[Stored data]
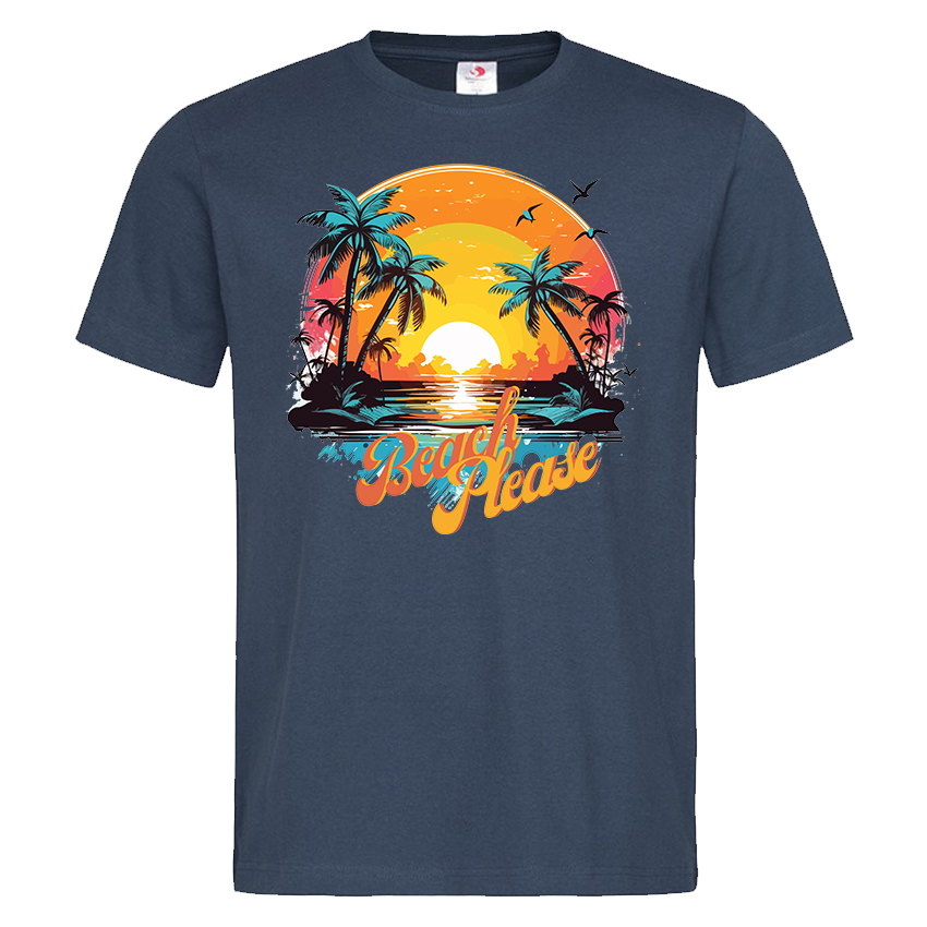Мъжка Тениска Beach Please e тениска с готина щампа, идеална за лятната почивка, създадена от In a MOOD – Онлайн магазин за тениски с щампи и надписи. Ние сме магазинът за настроение и създаваме дизайни на мъжки и дамски тениски. Стараем се да предлагаме забавни и оригинални дизайни на различни теми. Правим тениски, с които Вие да можете да изразите себе си по уникален начин. Ако имате нужда, можем да създадем и тениска по ваш дизайн. Можем също да променим по Ваше желание елементи в някои от предлаганите в магазина щампи и надписи. За целта само се свържете с нас чрез контактната форма на сайта или на email: info@inamood.bg.
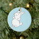 Vit bunny i blått julgransprydnad keramik
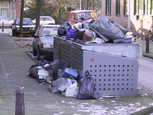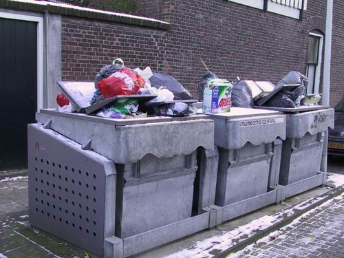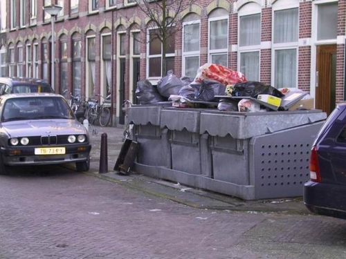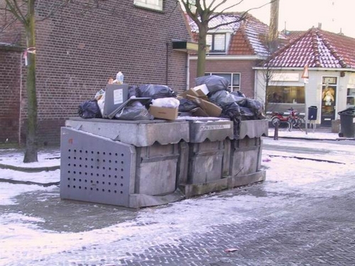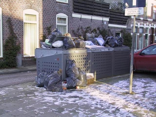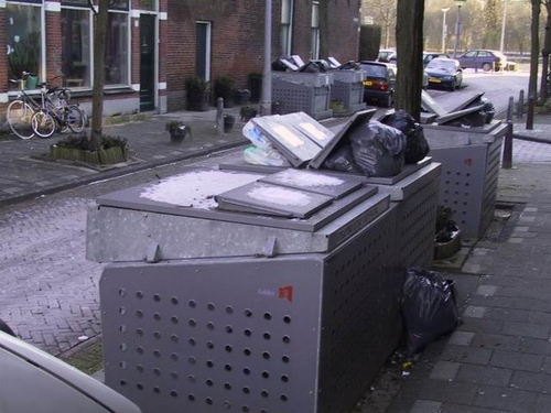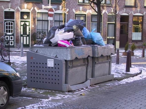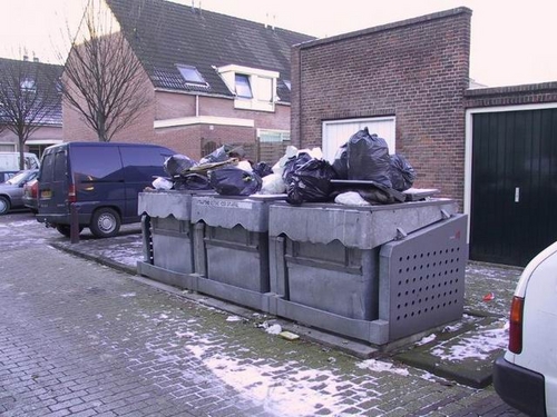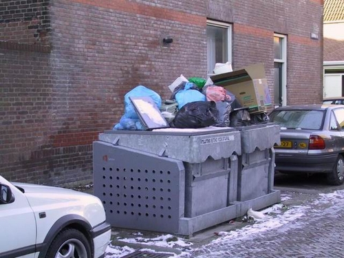 Overvolle wijkcontainers in Leiden-Noord. Hier bij 'De Rondedans' (Foto's: Bram Pater).
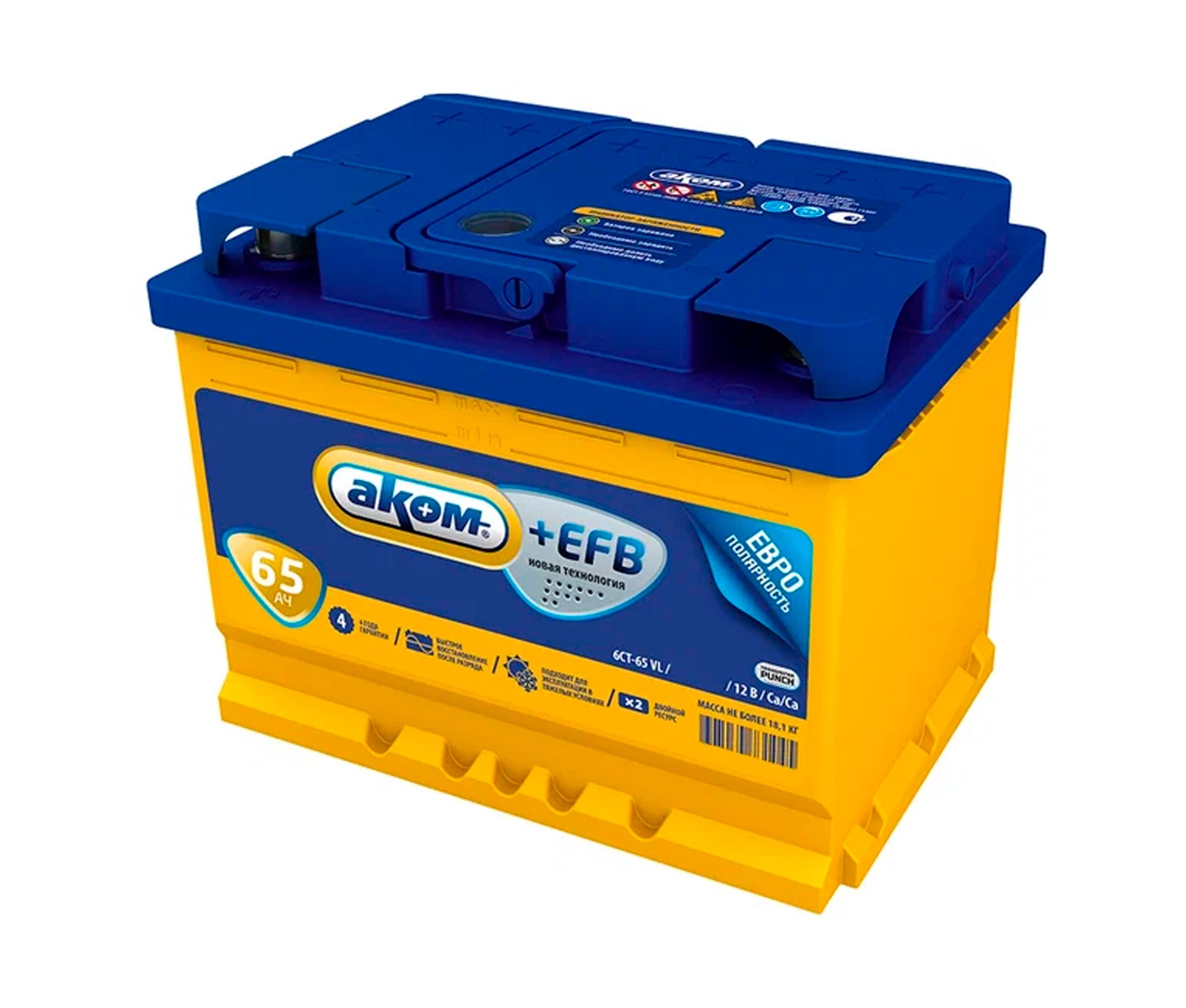 • Аккумулятор АКОМ+ EFB 65 а/ч п.п.
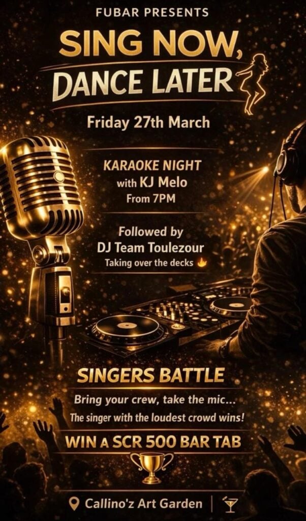 What’s On Mahé? Sing now and dance later🕗 7PM-late📍Fubar – Callino’z Art Garden 💰Free Entrance 🔞
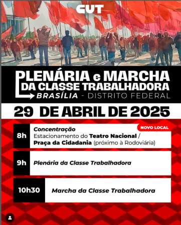 Nesta terça-feira, 29/04, a CUT e demais centrais sindicais realizam em Brasília a Plenária e Marcha da Classe Trabalhadora, e entregarão ao Presidente Lula e também aos presidentes da Câmara, do Senado, do STF e do TST, a pauta de reivindicações dos trabalhadores e das trabalhadoras.
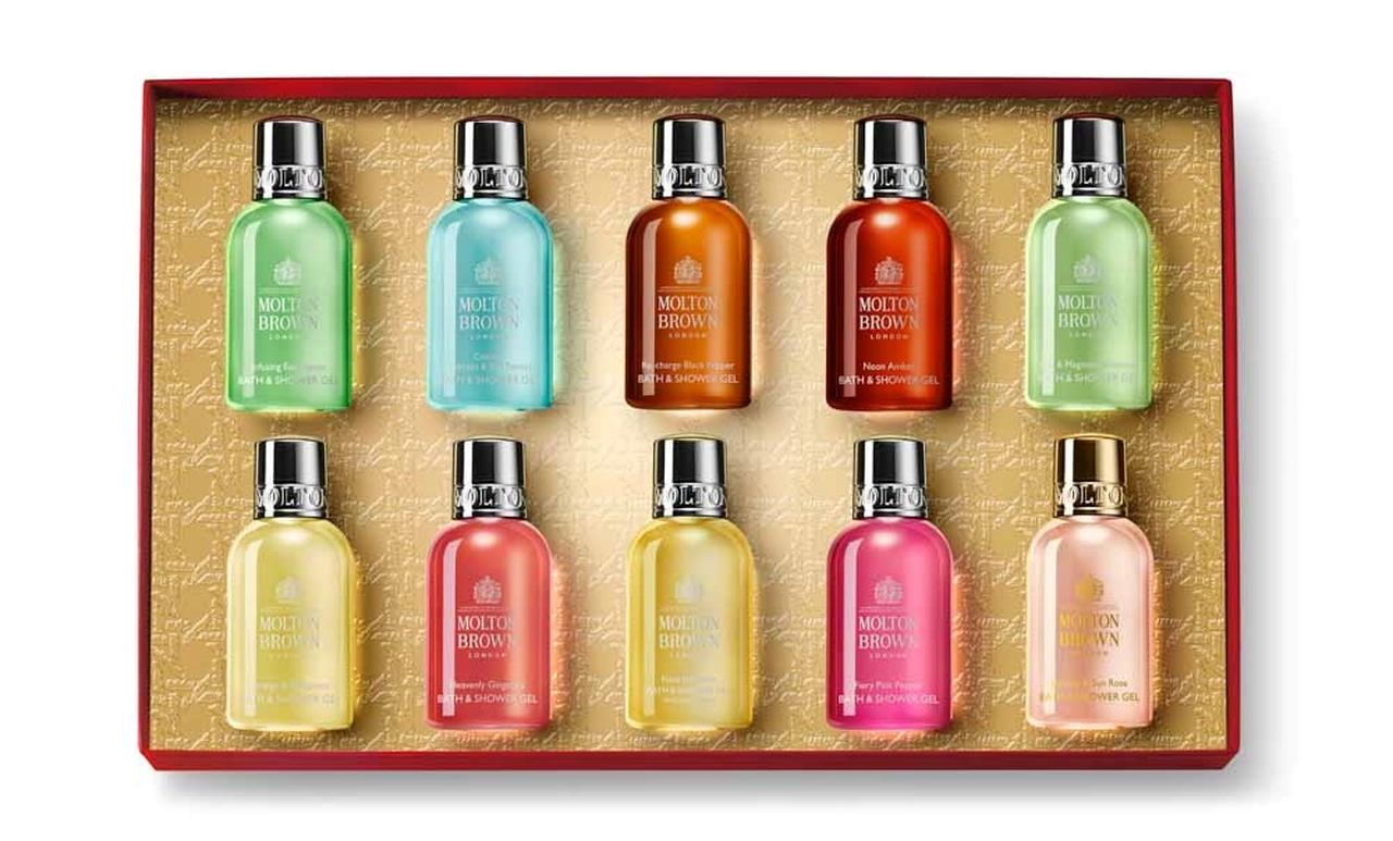 「ストッキングフィラーコレクション」は、ブランドのアイコニックフレグランスのバス&シャワージェル10種をコレクションしたギフトセット。美しいギフトボックスを開けると、ジュエリーのように煌びやかな輝きを放つ色彩豊かなバス&シャワージェルが登場。誰からも喜ばれる「モルトンブラウン」を代表する人気のギフトセットとなっている。
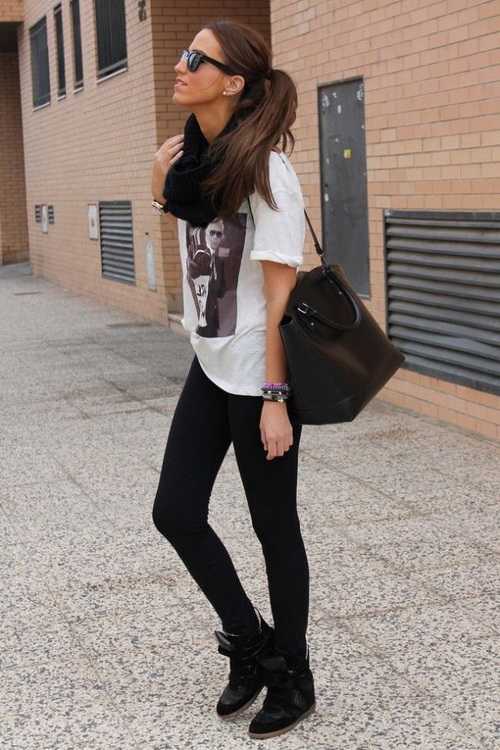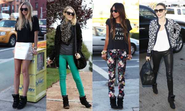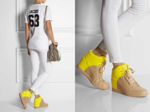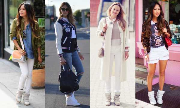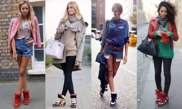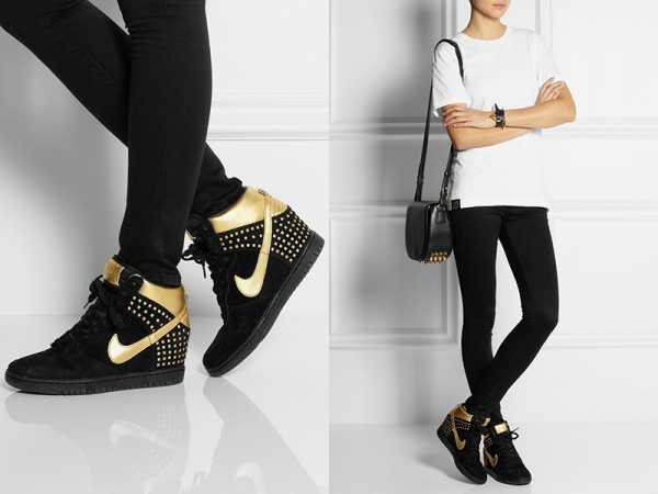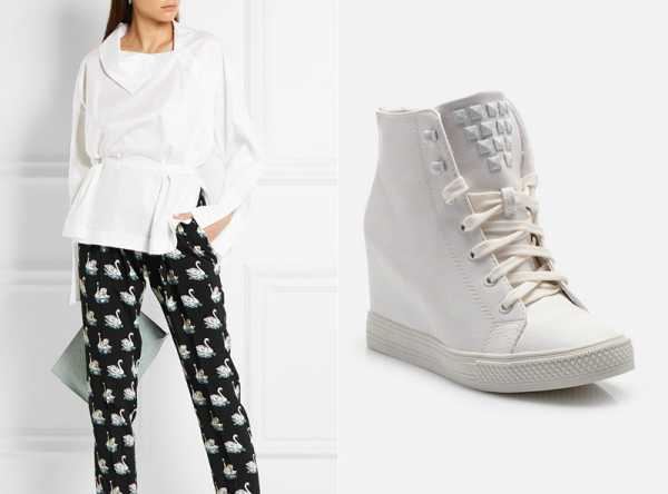 Если выбраны летние сникерсы в спортивном стиле на танкетке или на платформе, то лучше всего носить их с джинсами, брюками, легинсами или шортами. Не стоит надевать классические брюки или джинсы-клеш, лучше всего данная модель будет смотреться с джинсами-скинни или с зауженными книзу брюками.
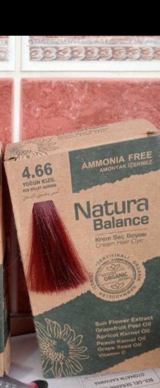 Natura Balance krem saç boyası 4.66 yoğun kızıl tonu, amonyak içermez ve sertifikalı organiktir.
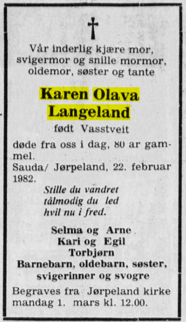 Sønnen Olav, Stavanger Avis, mandag 24. april 1944
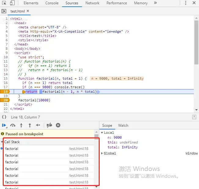 上面就是一个递归实现的阶乘,由于返回值中还有n,所以外层函数的执行环境理论上不能被销毁。但是 chrome 浏览器如此强大,factorial(10000)并没有爆栈。不过看到浏览器几千个调用栈也是吓了一跳:
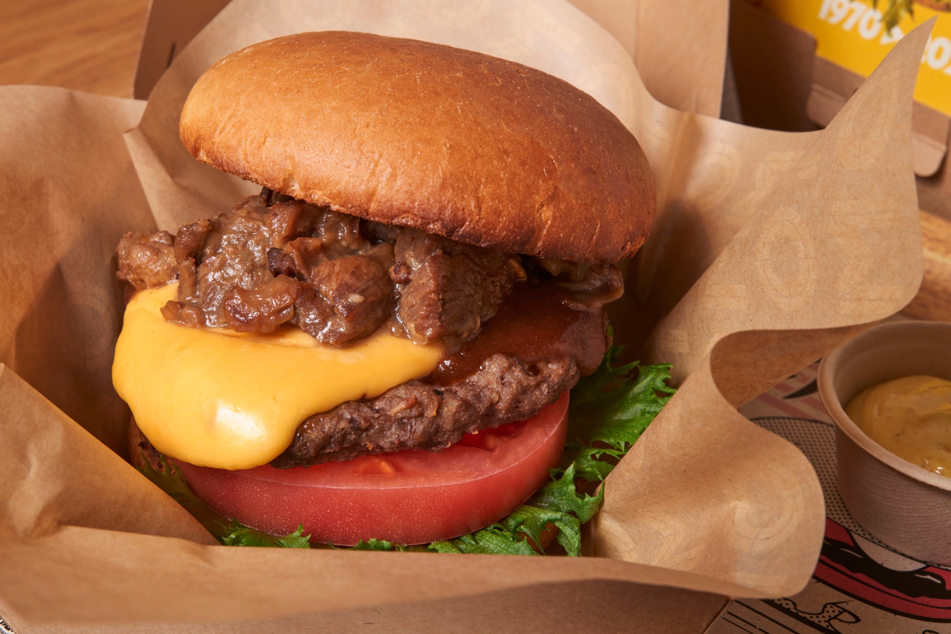 OMOどてやきバーガーは、パティの上に大阪名物であるどてやきを重ね、じゅわ~っと口いっぱいに広がる肉感を感じられる一品に仕上げました。さらに、どてやきの甘辛い味わいと、チーズの濃厚さ、バーベキューソースの酸味が合わさることで、洋風「どてやき」を楽しめます。セットのポテトには、当時の洋食文化をイメージさせる「カレー」「ヨーグルト」「ナポリタン」味のディップソース3種を添え、ドリンクに瓶のコーラをセットで提供します。
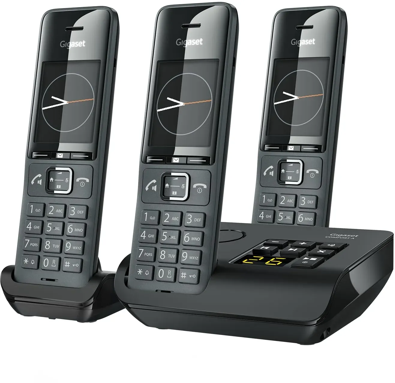 EAN: 4250366865997 - TECHNOLOGIE TRIFFT AUF DESIGN - Das Gigaset COMFORT 520 besticht durch edles, zeitloses Design, dem 2,2' großem Farbdisplay und geringem Gewicht - Optimal für Ihr Zuhause oder HomeofficeüBERZEUGENDE FUNKTIONEN - Telefonieren und Freisprechen in brillanter Sprachqualität - Headset-Kompatibilität via 3,5mm Klinkenanschluss - Komfort-Anrufschutz für 150 Nummern und großem AdressbuchEINFACHE INSTALLATION - Einfach die Basisstation mit der Wandtelefondose verbinden und direkt los telefonieren - profitieren Sie von einer schnellen und leichten Einrichtung Ihres neuen TelefonsLIEFERUMFANG - 1x Gigaset COMFORT 520A Basisstation mit AB, 2x Gigaset COMFORT 520A Mobilteil, 1x Ladeschale, 2x Steckernetzteil, 1x Telefonanschlusskabel (TAE), 4x AAA-Akku (NiMH), 2x Akku-Deckel, 2x Gürtelclip, 1x BedienungsanleitungPerfekte Ergonomie und höchster KomfortDas Gigaset COMFORT 520 überzeugt mit zeitlos-edlem Design und perfekter Ergonomie.Willkommen in Ihrer persönlichen Komfortzone!Brilliantes, 44 x 35 mm Farbdisplay und nützlicher Jumbo Modus mit extragroßer Ziffernanzeige.Wir bleiben in Kontakt! Einfach und komfortabel.Ungestört Spaß habenAuf den integrierten Anrufbeantworter des Gigaset COMFORT 520A können Sie sich zu jeder Zeit verlassen. Er zeichnet Anrufe auf, wenn Sie unterwegs oder verhindert sind oder gerade keine Lust zum Telefonieren haben. Sie entscheiden, wann und wo Sie Nachrichten abhören wollen: über das Mobilteil, die Basisstation oder per ... Dieses Trio-Set ist eine gute Wahl für größere Haushalte, die drei Telefone mit Anrufbeantworter benötigen. ![]() ![]() Gigaset Comfort 520A Trio titan/schwarz
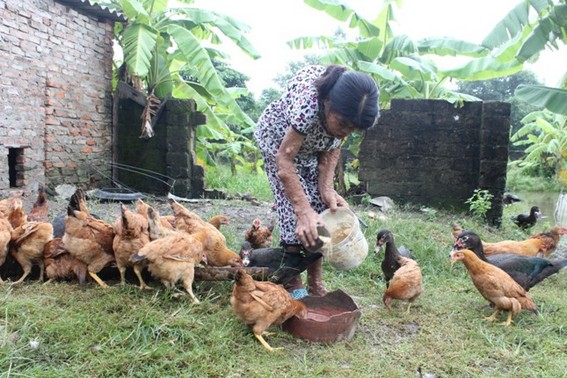 Làng ven đê Phong Phú, xã Hưng Hòa mang vẻ buồn ảm đạm của ngày mưa bão. Ngôi nhà của chị Vương Thị Bàng (SN 1970) nằm khuất sau con đường đất chạy quanh co, chẳng có cổng ngõ. Khi chúng tôi đến, chị đang lui cui sau giếng nước băm rau cho vịt ăn: “ mẹ đi chợ rồi, mình ở nhà dọn dẹp, rồi đến bữa nấu cơm”.
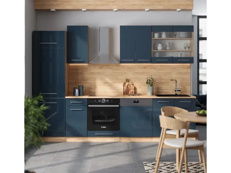Die Einbauküche hat eine Breite von 300 cm, eine Höhe von 82 cm und eine Tiefe von 60 cm
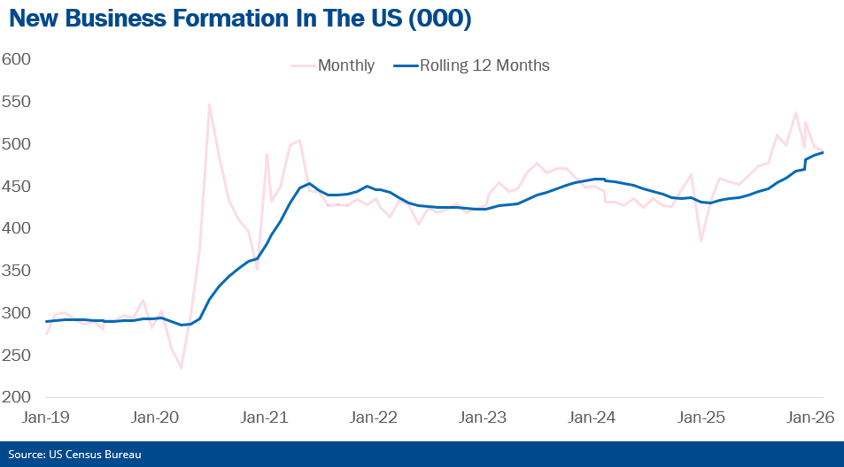 Americans formed 492,000 new businesses in March, the most ever for the month of March. That comes after February 2026 saw 496,000 new businesses launch, the most for any February. January also set a record for January as did December and each month since September 2025.

**WHAT TO DO**
From the records above, copy only the lines running from the line containing "Vit bunny i blått julgransprydnad keramik" to the line containing "Sønnen Olav, Stavanger", both ends included. Leave the pictures out.

**WRITTEN RESPONSE**
 Vit bunny i blått julgransprydnad keramik
 Overvolle wijkcontainers in Leiden-Noord. Hier bij 'De Rondedans' (Foto's: Bram Pater).
 • Аккумулятор АКОМ+ EFB 65 а/ч п.п.
 What’s On Mahé? Sing now and dance later🕗 7PM-late📍Fubar – Callino’z Art Garden 💰Free Entrance 🔞
 Nesta terça-feira, 29/04, a CUT e demais centrais sindicais realizam em Brasília a Plenária e Marcha da Classe Trabalhadora, e entregarão ao Presidente Lula e também aos presidentes da Câmara, do Senado, do STF e do TST, a pauta de reivindicações dos trabalhadores e das trabalhadoras.
 「ストッキングフィラーコレクション」は、ブランドのアイコニックフレグランスのバス&シャワージェル10種をコレクションしたギフトセット。美しいギフトボックスを開けると、ジュエリーのように煌びやかな輝きを放つ色彩豊かなバス&シャワージェルが登場。誰からも喜ばれる「モルトンブラウン」を代表する人気のギフトセットとなっている。
 Если выбраны летние сникерсы в спортивном стиле на танкетке или на платформе, то лучше всего носить их с джинсами, брюками, легинсами или шортами. Не стоит надевать классические брюки или джинсы-клеш, лучше всего данная модель будет смотреться с джинсами-скинни или с зауженными книзу брюками.
 Natura Balance krem saç boyası 4.66 yoğun kızıl tonu, amonyak içermez ve sertifikalı organiktir.
 Sønnen Olav, Stavanger Avis, mandag 24. april 1944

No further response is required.